It's always my favorite part of a long walk—and one of my favorite prompts to give to the people who walk with me. Listening to the path, or more precisely, all the sounds that accompany it. Of all the senses, hearing is my least exercised and the one that most astounds me when I finally pay attention.
Of course, there is the beautiful sound of strangers taking the trusting jump into friendship, the sound of those first tentative questions, the wondering, "How much do I say? How much do I reveal about myself?" giving way to understanding and acceptance and, sometimes, recognition that our stories are not all unique. They are own but often recognizable in the experience of the other.
But on this second day of walking, we also give each other a wider space to be alone, quiet, and aware of the natural world around us. And what a symphony that world is. For me, this day devoted to hearing is always full of newness and awe—even if I've taken this exact track before. Here's what I heard:
Morning speaks to me
Three birds I can’t identify
Shy, fallow fields whispering “I’m naked.”
Where do the foxes rest?
Golfers on the green.
All those ducks, sitting.
The car that I can’t see
on a road that I don’t know.
A whistling.
The thwat thwat thwat
of walking stick on soft-packed ground.
There, the coohoo of a forest dove.
Water falling,
then waterfowl.
landing on the river.
Ducks finding their voice
on the other side of the river.
A heron standing perfectly still
and a trout, a leap, and a splash.
Ripples.
Rushing.
An overture
bright and melodic
under a steel white sky
marked by the moan of trombone around rock beds,
and of tympani rolling over an old log.
The inching of morning glory as she creeps up the Hedgerow
and the wind rustling through the trees like a taffeta skirt passing by.
A silence that is very loud.
—Cheryl Murfin, September 2024
Along the way, we stopped in a beautiful garden and met the man who had nurtured and built it over the last 27 years. He's about to retire and hand the reigns over to his son, which got me thinking about my own children and what I will hand over to them. Eventually. The gardener was joyful. He knows his son is almost ready. He has confidence all will be well.
What more would I want to hand over to my kids?
Before we left the garden, we were given a prompt: Go through the garden and pick the plant, tree, or element that is you. I chose a hedge turned into a close in the style of Dali—giving the illusion that it is slipping from 3D to 2D.

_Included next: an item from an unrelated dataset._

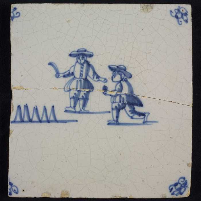 Tafereeltegel, twee kegelende jongens met hoed, hoek...

It felt like the truest image of myself I've ever seen outside the mirror.
Me in a garden
I am a Dali hedge clock,
Melting under the weight of time.
My body bends at 2:15 PM—
The angle extreme
and mysterious
and silly
and matching my heart exactly.
I never reach 2:16
I never return to 2:14
But I am well-trimmed
I look ready to run like the spook who took off with the plate
Only two questions hold me here:
Can I make a graceful exit?
And
Why are the hedge roots beckoning “Come home! Come home?”